* [GIVEN INFORMATION]:
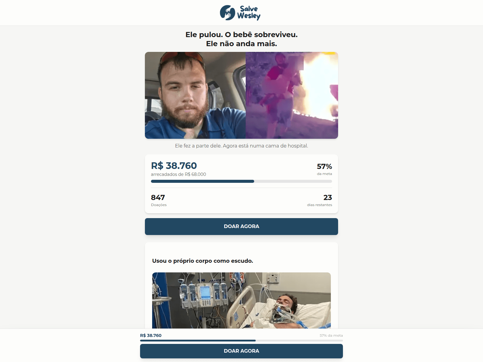 The site displays a page titled “Salve Wesley – Doando Agora”.
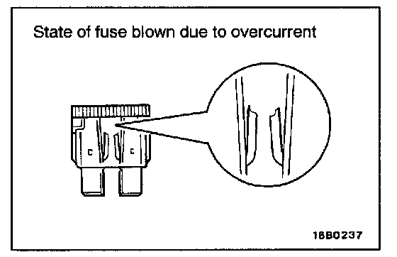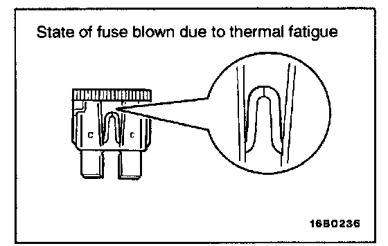 When a fuse is blown, there are two probable causes as follows: One is that it is blown due to flow of current exceeding its rating. The other is that it is blown due to repeated on/off current flowing through it. Which of the two causes is responsible can be easily determined by visual check as described below.
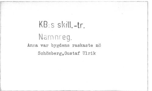 //// KB:s drill.-tr. //// Namnreg. //// Anna var bygdens raskaste mö Schönberg,Gustaf Ulrik ////
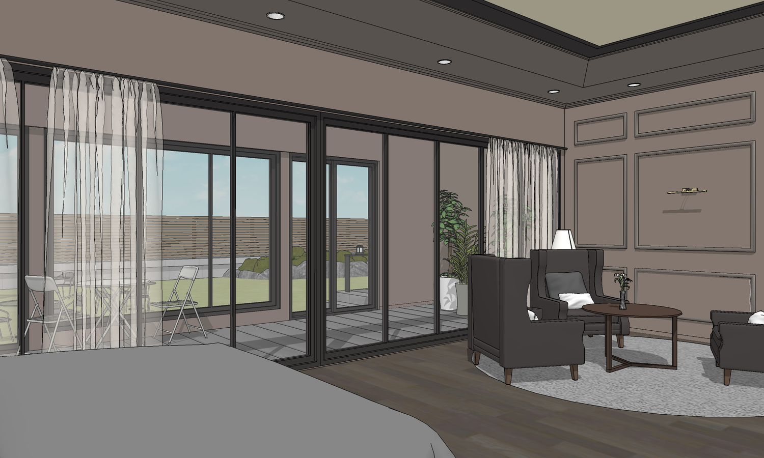 고급스러운 인테리어부터 해서 넓은 앞마당과 큰 주택 외부로 구성되어있는 침실 내부입니다.
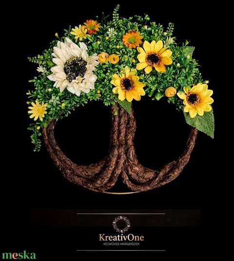Ez a kézzel készült, napraforgós élethű virágokkal és zölddel készült kopogtató a Te otthonodban is megújulást és az újjászületést szimbolizálhatja. A Tündérfa 30 cm átmérőjű fém karikán, akasztóval készült. Egyéni, kézműves termék.
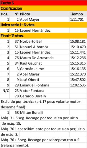 Un instante antes Nahuel Albornoz y Abel Mayer se rozaban en pleno último tránsito por la olla, yendo al trompo el de Gral. Ramírez, que arribó 8º, recuperando un lugar por la exclusión del primero, quedando en definitiva detrás de Emanuel Hernández (en su primer podio), De Arrascada, Gauchat y Jaime (6º en vez de 4º por un recargo).
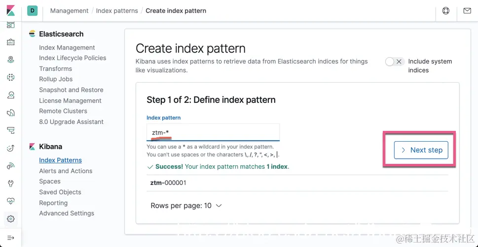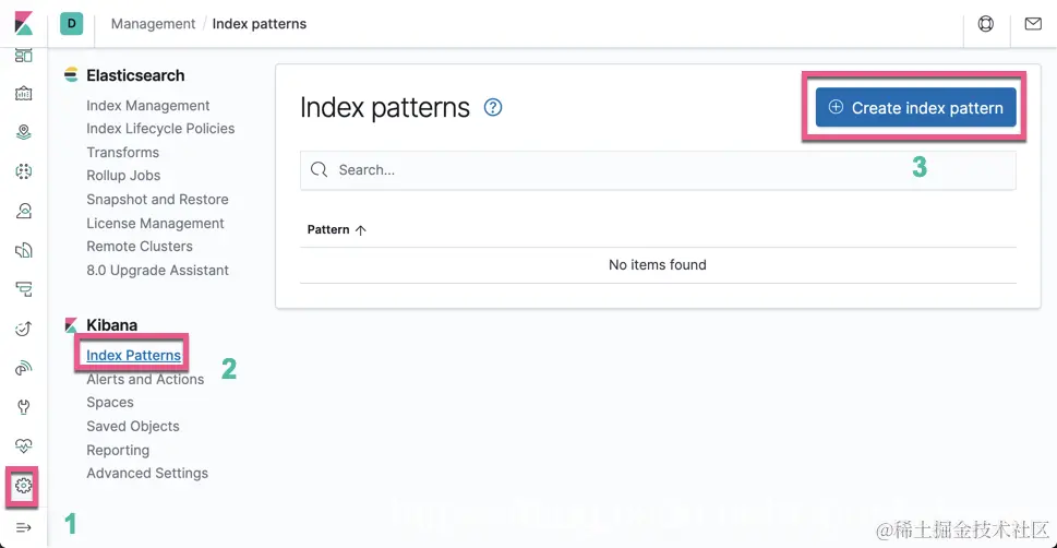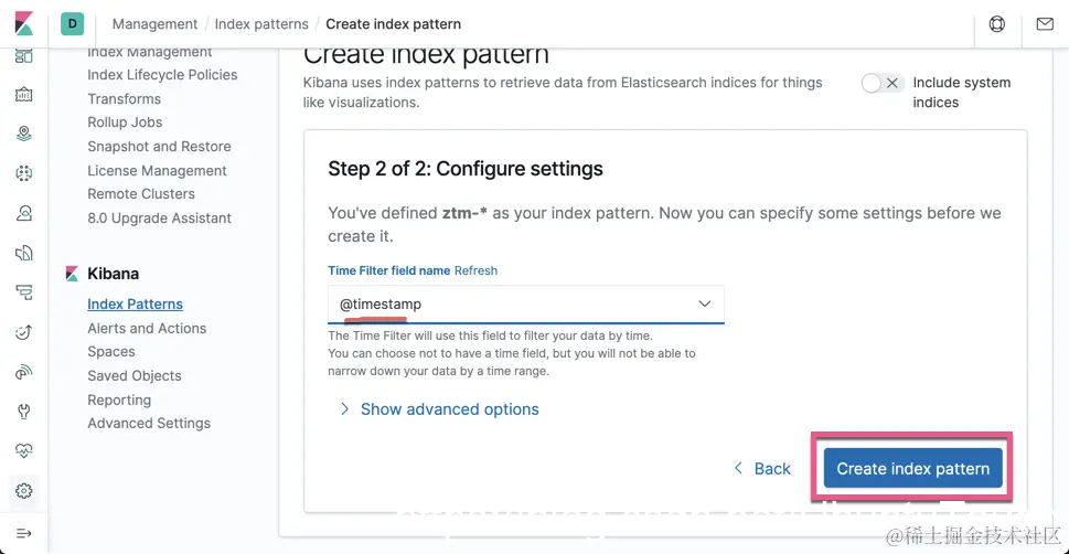 点击 Create index pattern:
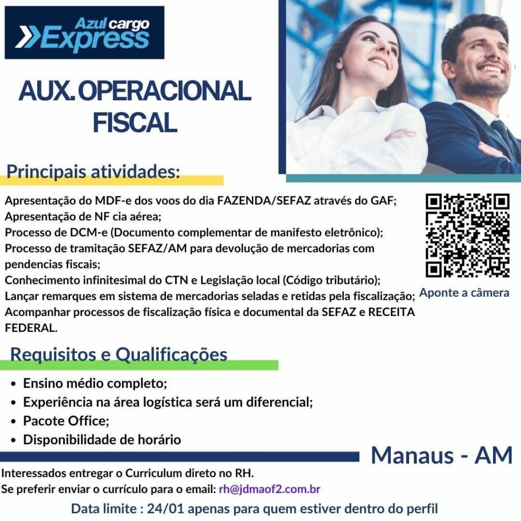 Azul cargo express seleciona Auxiliar operacional fiscal, Auxiliar operacional; Envie seu currículo!
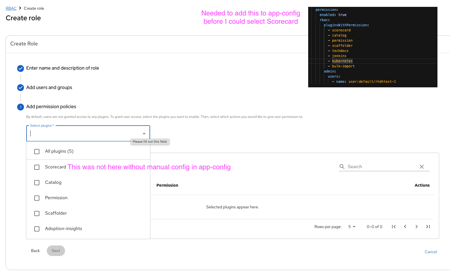 After enabling RBAC in the test instance, and getting a missing permission message when trying to view a scorecard, when I went to the RBAC UI, Scorecard wasn't offered as a plugin to select. Had to manually add more to app-config (which is not in the docs), and wait for RHDH to come back up.
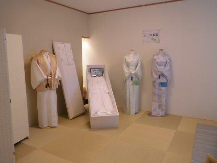 お棺と仏衣の展示もしました。隣では入棺体験コーナーも行っています。
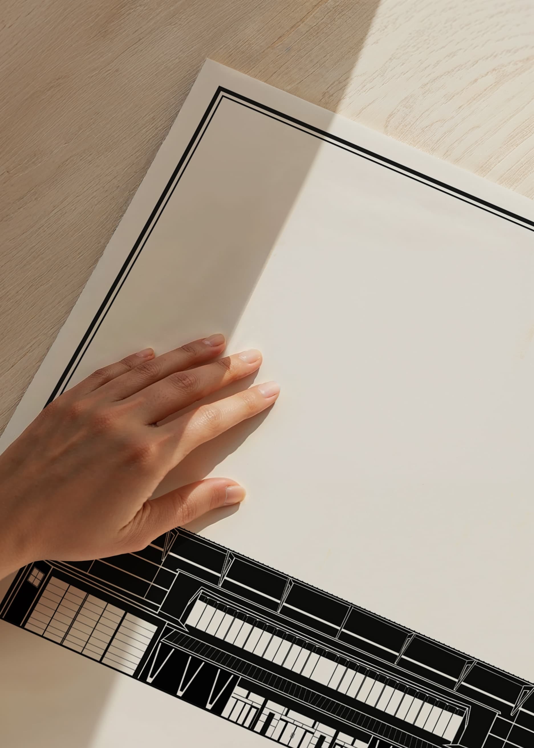Vi trycker våra posters på 200 grams matt papper av högsta kvalitet från det franska pappersbruket Clairefontaine. Pappret är miljöcertifierat FSC och produktionen Svanen/EU Ecolabel-märkt.
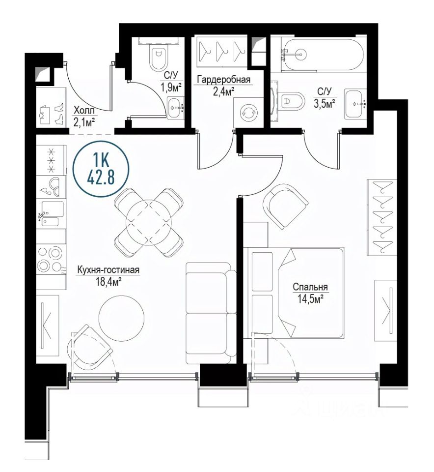 Продаётся 1-комнатная квартира общей площадью 42.50 м², на 3 этаже.

* [REQUIRED ACTION]: Please print the line that contains "Vi trycker våra" along with every later line of the material, exactly, through the last one. Leave pictures out of the copy.

* [YOUR RESPONSE]:
Vi trycker våra posters på 200 grams matt papper av högsta kvalitet från det franska pappersbruket Clairefontaine. Pappret är miljöcertifierat FSC och produktionen Svanen/EU Ecolabel-märkt.
 Продаётся 1-комнатная квартира общей площадью 42.50 м², на 3 этаже.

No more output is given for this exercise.